**Exercise:** Nothing but the lines below from the one with "kleine overblijvende plant." through the one with "本場でもこんな感じなんやな、" should be output, each exactly as given, and no pictures.

**Exercise data:**
= Beginning of Section =
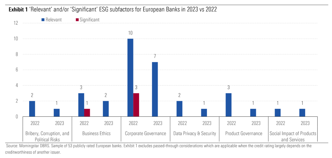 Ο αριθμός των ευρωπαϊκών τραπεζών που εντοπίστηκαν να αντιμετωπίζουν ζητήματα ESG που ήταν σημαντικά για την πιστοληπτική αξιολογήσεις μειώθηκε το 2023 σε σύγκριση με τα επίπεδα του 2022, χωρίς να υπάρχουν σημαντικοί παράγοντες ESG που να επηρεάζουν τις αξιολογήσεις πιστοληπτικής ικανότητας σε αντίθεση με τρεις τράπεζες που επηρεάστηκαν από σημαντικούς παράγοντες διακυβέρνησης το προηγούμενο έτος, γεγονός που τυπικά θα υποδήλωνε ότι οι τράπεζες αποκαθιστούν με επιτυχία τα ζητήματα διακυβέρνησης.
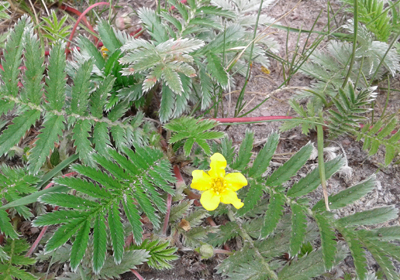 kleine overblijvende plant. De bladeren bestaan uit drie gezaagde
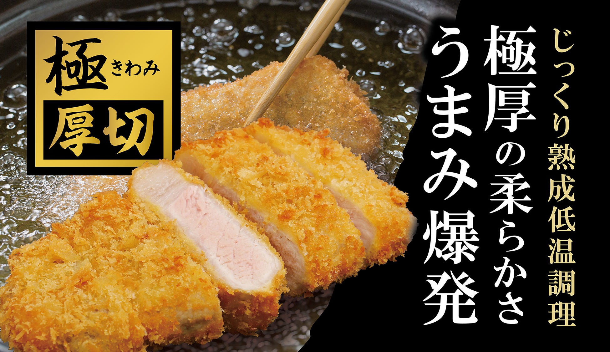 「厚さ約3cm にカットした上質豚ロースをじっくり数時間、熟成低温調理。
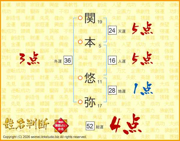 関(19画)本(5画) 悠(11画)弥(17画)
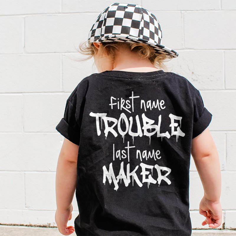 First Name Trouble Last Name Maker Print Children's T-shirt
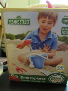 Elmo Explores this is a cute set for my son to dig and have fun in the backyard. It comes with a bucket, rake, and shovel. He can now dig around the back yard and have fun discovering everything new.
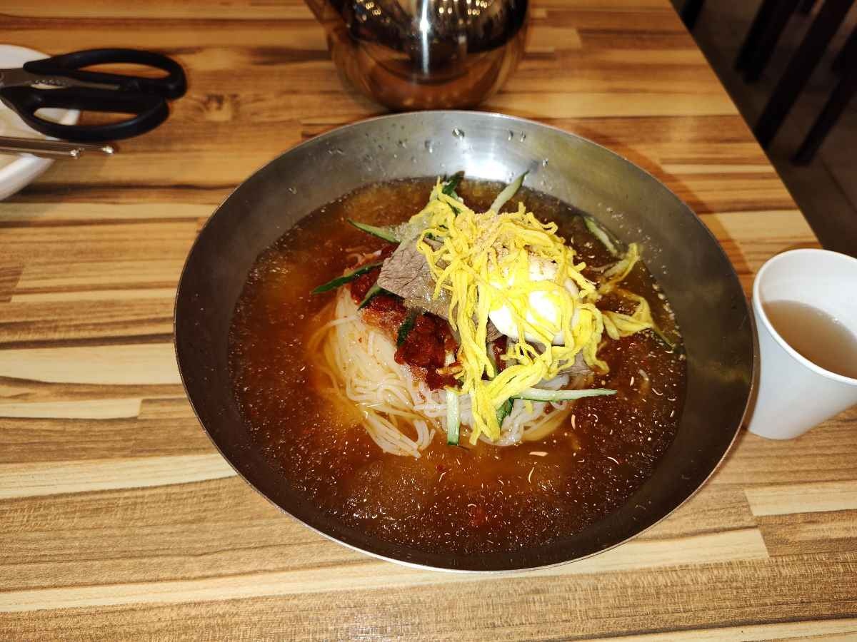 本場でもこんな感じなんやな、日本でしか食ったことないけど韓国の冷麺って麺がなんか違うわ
= End of Section =
= Beginning of Section =
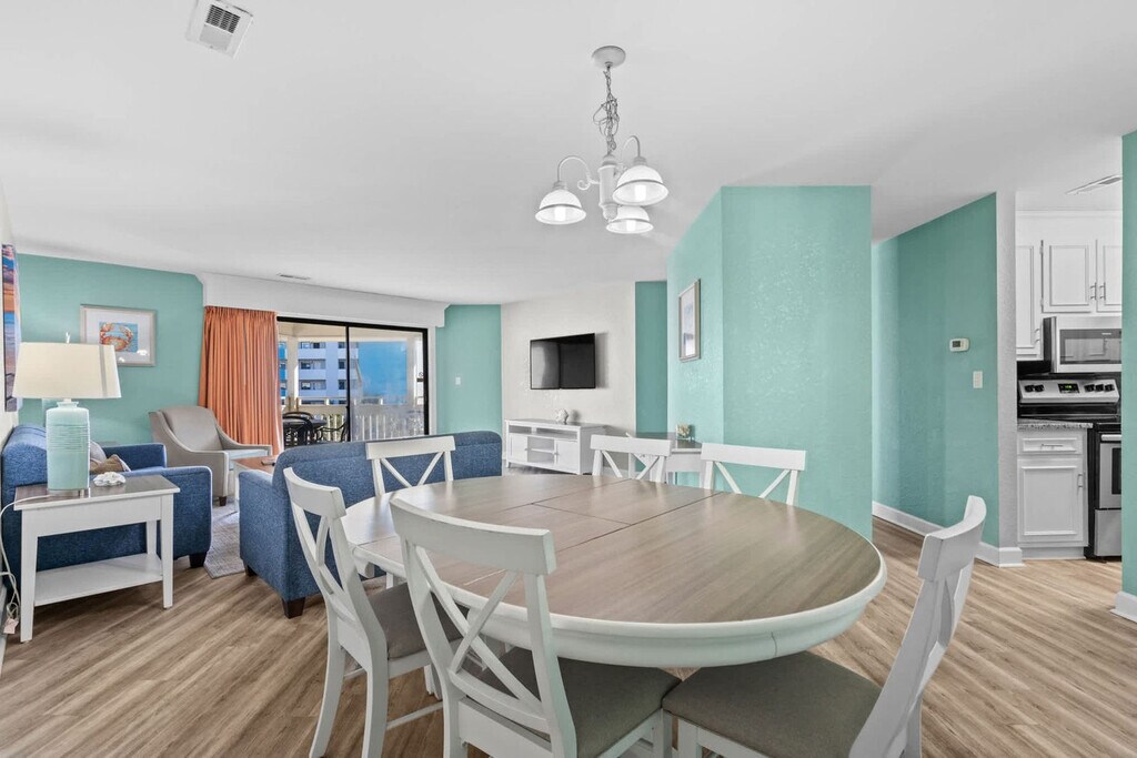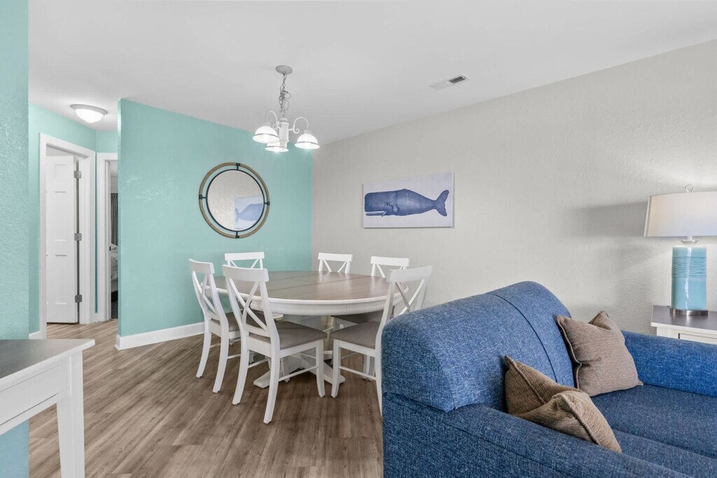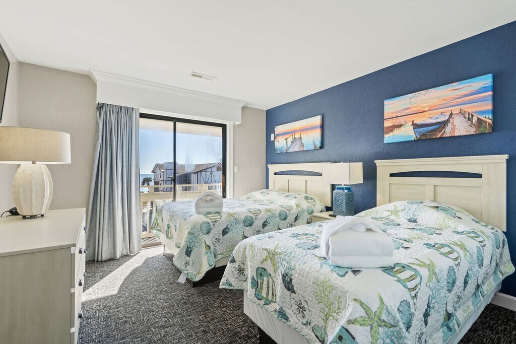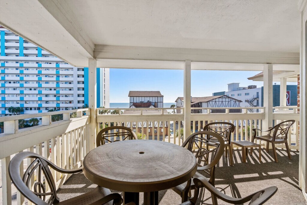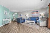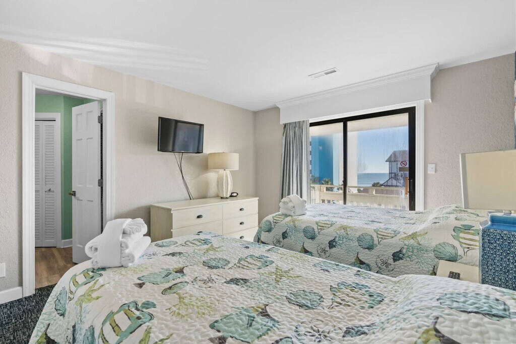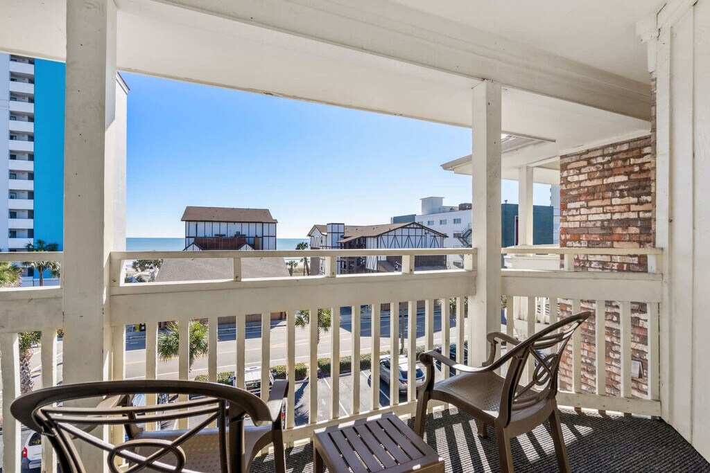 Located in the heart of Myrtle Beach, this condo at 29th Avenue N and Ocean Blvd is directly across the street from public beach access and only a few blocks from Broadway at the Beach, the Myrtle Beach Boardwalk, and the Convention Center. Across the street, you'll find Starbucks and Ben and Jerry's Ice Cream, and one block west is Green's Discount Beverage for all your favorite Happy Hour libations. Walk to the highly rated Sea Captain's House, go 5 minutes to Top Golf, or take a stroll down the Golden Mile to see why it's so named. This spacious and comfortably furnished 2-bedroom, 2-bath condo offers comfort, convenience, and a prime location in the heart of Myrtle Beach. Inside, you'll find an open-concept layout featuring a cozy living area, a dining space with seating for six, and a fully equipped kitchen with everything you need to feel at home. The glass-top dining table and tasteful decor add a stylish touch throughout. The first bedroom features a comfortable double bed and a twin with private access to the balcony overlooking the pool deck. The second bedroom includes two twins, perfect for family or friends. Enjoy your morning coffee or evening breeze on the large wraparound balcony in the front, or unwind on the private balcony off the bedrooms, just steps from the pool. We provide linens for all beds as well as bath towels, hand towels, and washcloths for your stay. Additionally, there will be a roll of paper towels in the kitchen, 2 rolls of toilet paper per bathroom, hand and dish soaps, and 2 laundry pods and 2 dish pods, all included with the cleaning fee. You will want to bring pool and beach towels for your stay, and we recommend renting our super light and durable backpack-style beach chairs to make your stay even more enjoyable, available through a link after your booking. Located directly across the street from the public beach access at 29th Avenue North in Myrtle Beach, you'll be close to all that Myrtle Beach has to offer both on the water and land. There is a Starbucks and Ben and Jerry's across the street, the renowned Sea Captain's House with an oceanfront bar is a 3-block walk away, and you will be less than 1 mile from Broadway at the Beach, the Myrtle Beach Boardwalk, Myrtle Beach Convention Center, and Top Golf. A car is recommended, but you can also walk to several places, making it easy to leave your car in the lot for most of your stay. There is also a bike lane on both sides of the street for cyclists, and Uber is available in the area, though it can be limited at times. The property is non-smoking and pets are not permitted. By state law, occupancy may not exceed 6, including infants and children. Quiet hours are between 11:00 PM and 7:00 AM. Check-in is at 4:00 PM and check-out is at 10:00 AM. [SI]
= End of Section =
**Result of this task:**
 kleine overblijvende plant. De bladeren bestaan uit drie gezaagde
 「厚さ約3cm にカットした上質豚ロースをじっくり数時間、熟成低温調理。
 関(19画)本(5画) 悠(11画)弥(17画)
 First Name Trouble Last Name Maker Print Children's T-shirt
 Elmo Explores this is a cute set for my son to dig and have fun in the backyard. It comes with a bucket, rake, and shovel. He can now dig around the back yard and have fun discovering everything new.
 本場でもこんな感じなんやな、日本でしか食ったことないけど韓国の冷麺って麺がなんか違うわ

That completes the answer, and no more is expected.